Major props to Mr Michalski tonight for finishing an alpha version of a Windows screensaver using the Concerto API. The screensaver works natively on any modern Windows machine and, according to Brian, caches content locally. Win!

Once we clean up the Windows release, native screensavers will be available for both the Windows and Mac platforms. This is a big part of our strategy with Concerto to increase the number of active and passive methods through which people experience Concerto. Our hope is that doing so will increase the overall value of the entire network, since people at RPI will have more complete access to all of the messages on the system, even when their computers are idle. By having passive displays showing Concerto whenever nobody is using them, we make Concerto more pervasive across campus.

Plus, we seem to have at least a few starting customers…more on this soon. In the meantime, I have a YouTube video of Windows and Mac machines showing their respective screensavers.

Windows 7 + RSS = PC Users finally getting some Concerto Feed Action…

July 10th, 2009 by Haris Khan

Well, Hello. It seems like this is my first post on this blog, first of many I hope. I usually leave Brian Zaik to the blogging as he seems to enjoy it very much so. For the first time I have something to say that has not been a collaboration with him.  Now don’t get too excited, it’s nothing too special, just a couple minutes of googling for an interesting effect.

For weeks I’ve seen Brian Zaik and August Fietkau have a RSS Screensaver. While Brian Michalski is developing something for us PC users, I grew impatient (as I always do). So I found an alternative, a RSS Wallpaper. Now It may not be as flashy as the OSX RSS Screensaver, but it does the job well.

All you need to do is open up a Windows 7 .theme file and insert the following code.

[Slideshow]
Interval=30000
Shuffle=1
RSSFeed=http://signage.rpi.edu/content/render/?select_id=1&range=all&type=graphics

A couple things to note.
The range variable. Possible values are -> all, future, past,live. Pretty self explanatory.
The select_id variable. This is just an integer value correlating to a Concerto feed. (1 is service and community)
The type variable. We want graphics here, Text isn’t going to be very useful as a Desktop Background.
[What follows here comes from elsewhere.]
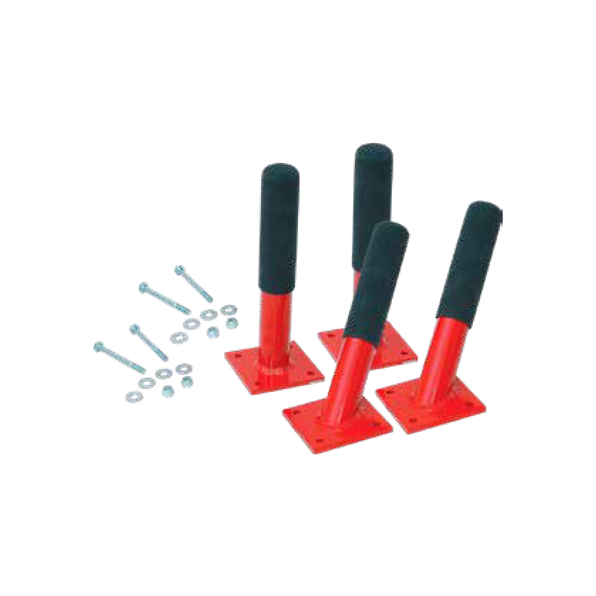 Suportes vermelhos inclinados com pegadores pretos e parafusos

OS X RSS Picture Screensaver

June 28th, 2009 by Brian Michalski

I’ve been working on getting the RSS that Concerto provides via its API to be as compatible as possible.  Adding media RSS support seemed pretty straightforward and enabled us to do cool thing with some RSS visualizers like Cooliris and Google’s Photo Screensaver, but the built in OS X RSS Picture Screensaver never worked with any of our generated feeds. Feeds from Picasa, NASA, Flickr, and alike all worked well in OS X so I tried copying and pasting different formats to no avail.  It seemed no matter what I did, substituting the urls for our images crashed the feed.

Turns out, the file extension is important to the OS X screensaver.  Since the Concerto API is self-contained, it links back to itself to render images in various sizes.  The PHP script that handles the requests responds just like an image with a correct mime-type, some caching headers, and valid image data.  Calling this ‘index.php’ with the GET parameters (like index.php?&select=content&select_id=2911&format=raw) makes the screensaver display “The feed you have selected doesn’t have any pictures” or something like, because it thinks all the feed has is PHP files.  While it does only have PHP files, those files are outputting image data… not HTML, JavaScript, or text.  Maybe this is the quick way Apple avoids downloading files that it doesn’t want to handle like a doc, mov, etc… but the media:content field clearly has a mime-type parameter describing the mime-type of the content.

The solution I came up with: use mod_rewrite and a .htaccess file to send all requests in the API directory to index.php.  That way, I can link to something like image_2911.jpg and index.php will get to handle it like it is suppose to.

I can’t take all the credit for finding this bug, August directed me towards the file extension area… I was thinking it was more related to the image headers.